How can such small steps take so long? Friday I had the entire day to myself. No appointments to keep. Yet it took me the entire day to wind on four bouts. Part of that was the error I made thinking I could salvage the thread I tediously chained off from the back of the loom. I think, had I been my mother or grandmother, it could have happened.
The tangles and tedium did not frustrate me. I patiently combed out the mess, a turn at a time. Then I came to two broken threads with no matching ends. That did it. I admitted there was no using the old thread. It went in the trash; I set up the spool rack and turned on three of the four bouts by dinner. After dinner I turned on the forth and last, cleaned up the area and fell into bed.

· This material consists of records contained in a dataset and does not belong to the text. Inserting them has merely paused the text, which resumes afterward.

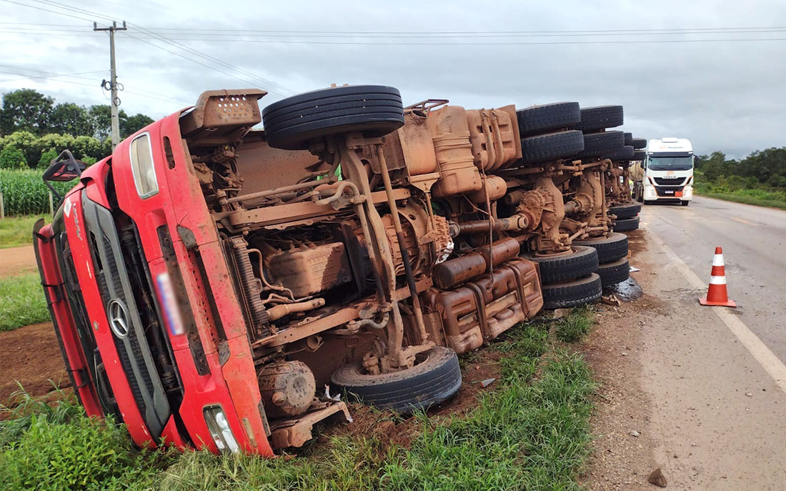 A Mercedez-Benz vermelha tombou, há pouco, no quilômetro 760 da rodovia federal, entre Sinop e Sorriso. O condutor teve alguns ferimentos e precisou ser encaminhado ao Hospital de Sorriso, pela equipe da Rota do Oeste. Ele estaria fora de perigo.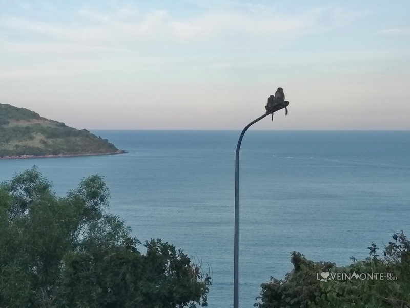 Но самое интересное зрелище, что мы наблюдали — это то, как парочка обезьян забралась на фонарный столб. А потом к ним присоединилась третья.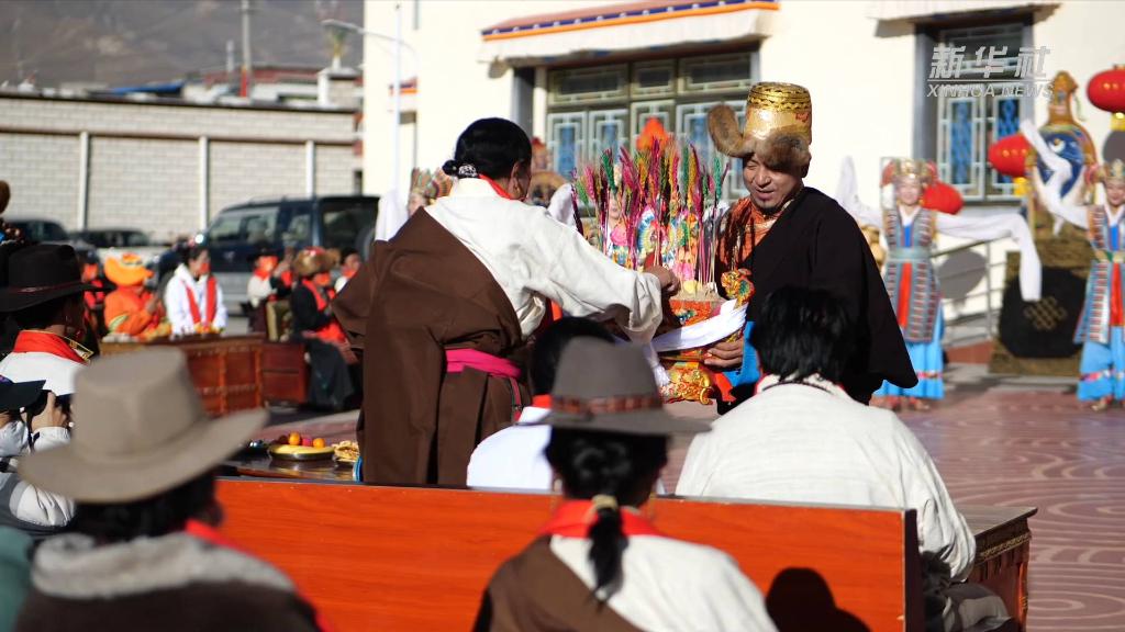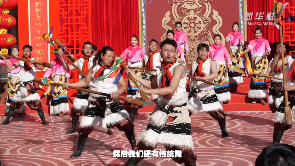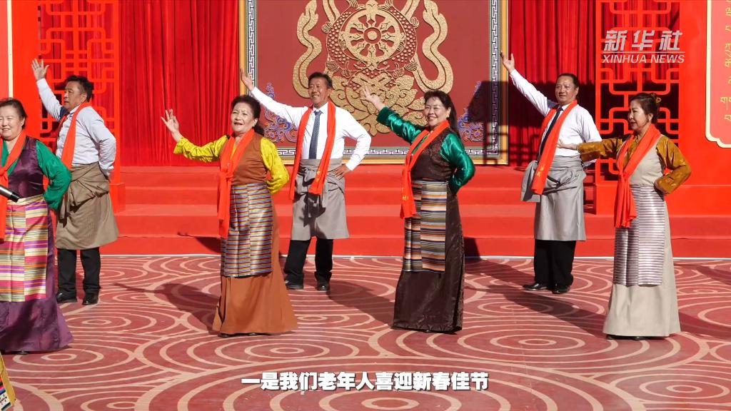 農歷癸卯兔年春節大年初一,西藏拉薩市娘熱街道吉蘇4組的村民們身著節日盛裝,在家門口觀看娘熱民間藝術團演繹的2023年西藏“啟航新征程 幸福中國年”村晚。
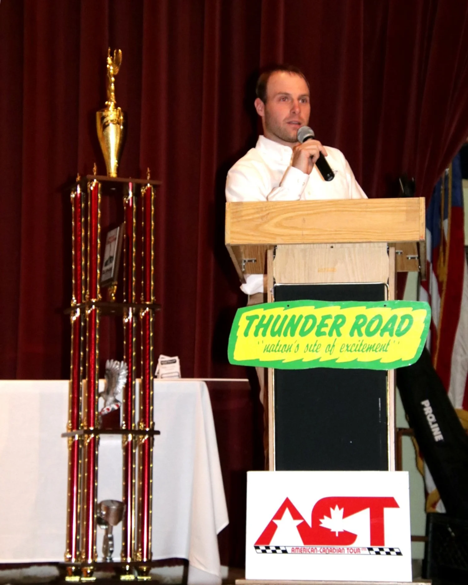 /Barre, VT — Over 300 people were on hand Saturday evening to celebrate the 2023 American-Canadian Tour season and that of home-track Thunder Road International Speedbowl in Barre, Vermont. The packed-house gathered to wrap up the 2023 season in style. Just before award presentations began, a series of prizes were raffled off to the top supporting competitors on the American-Canadian Tour courtesy of a series of contingency partners.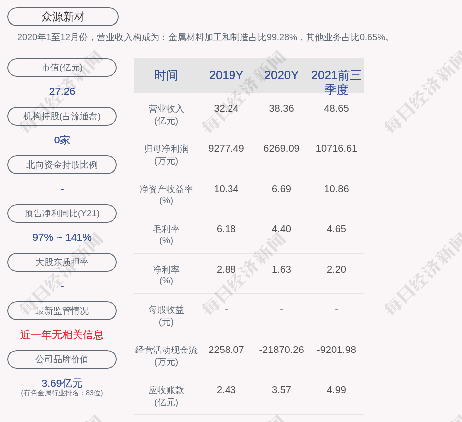 2020年1至12月份,眾源新材的營(yíng)業(yè)收入構(gòu)成為:金屬材料加工和制造占比99.28%,其他業(yè)務(wù)占比0.65%。

Saturday I threaded heddles and sleyed the reed. I could have worked faster, but to what end. I ached all over. I left the weaving to today, after the laundry. And look what I have!
The pattern is named Whig Rose, and it is a lot of shuttle throwing. Here is the completed block:
I wondered if I'd put an extra petal in the first rose, and when I came out at the other end, I see I did. Oh well. It's not a mistake in the draft, it's a case of overenthusiastic weaving. I won't do it again, but it's quite harmless here.

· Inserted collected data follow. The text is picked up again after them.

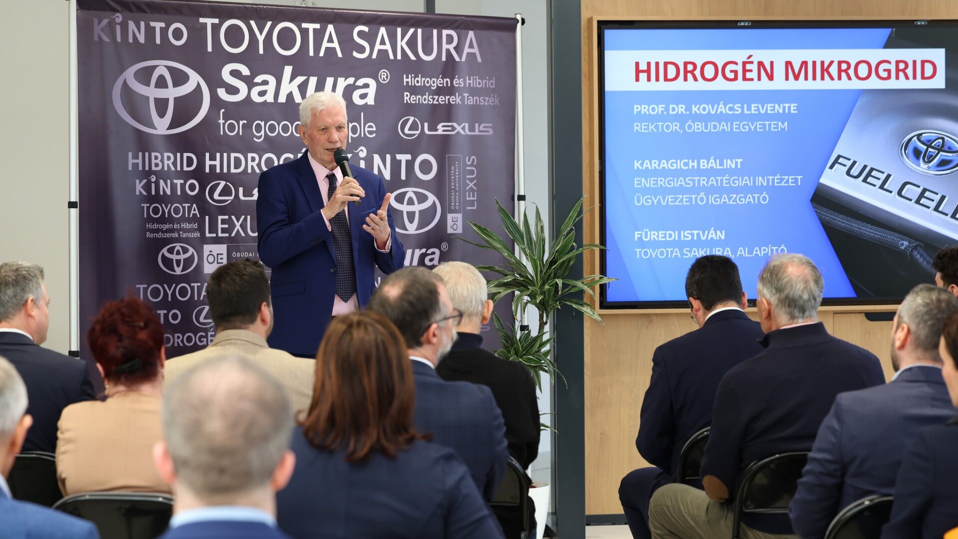 Az Óbudai Egyetem és a Toyota Sakura közösen rendezte meg az „Energiaforradalom - Hidrogéntechnológiai premier” című szakmai bemutatót, amelyen egy működő hidrogénalapú energetikai megoldást mutattak be. Az esemény célja olyan innovatív technológiák bemutatása volt, amelyek a hagyományos fosszilis energiarendszereket környezetbarát alternatívákkal helyettesíthetik.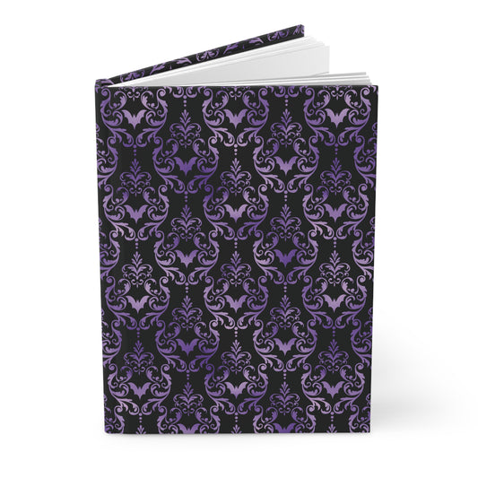 Dark Academia Damask Bat, Victorian Goth Inspired Purple & Black Glam Goth Matte Hardcover Journal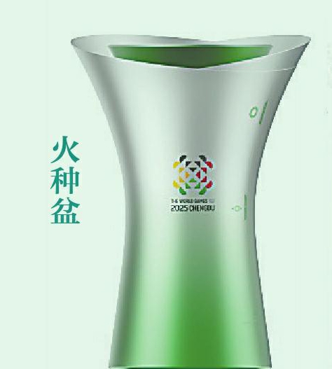 竹是四川最具代表性的植物之一,也是成都世运会火炬的重要元素,在火种灯、火种盆、采火棒的顶部也使用了绿色,呼应火炬上的竹元素。“宝墩遗址出土的碳化竹片证明,竹子曾是古蜀先民建造屋梁、制作器具的材料,更是成都平原4500年生生不息的见证。”唐淼说。

The pattern is a two hundred plus year old coverlet weaving pattern. The Whig Rose is linked to the American Whig party of Andrew Johnson, which was a precursor to Abraham Lincoln's Republican party. However, the pattern did not acquire the name Whig Rose until the twentieth century depression. We won't go into the name of the party of Lincoln.
The pattern originally was called the Democratic Rose, and goes back to the seventeenth century British Whigs opposing the power of the monarch and attempting to increase the power of Parliament. King Charles II lost his head in the short lived attempt.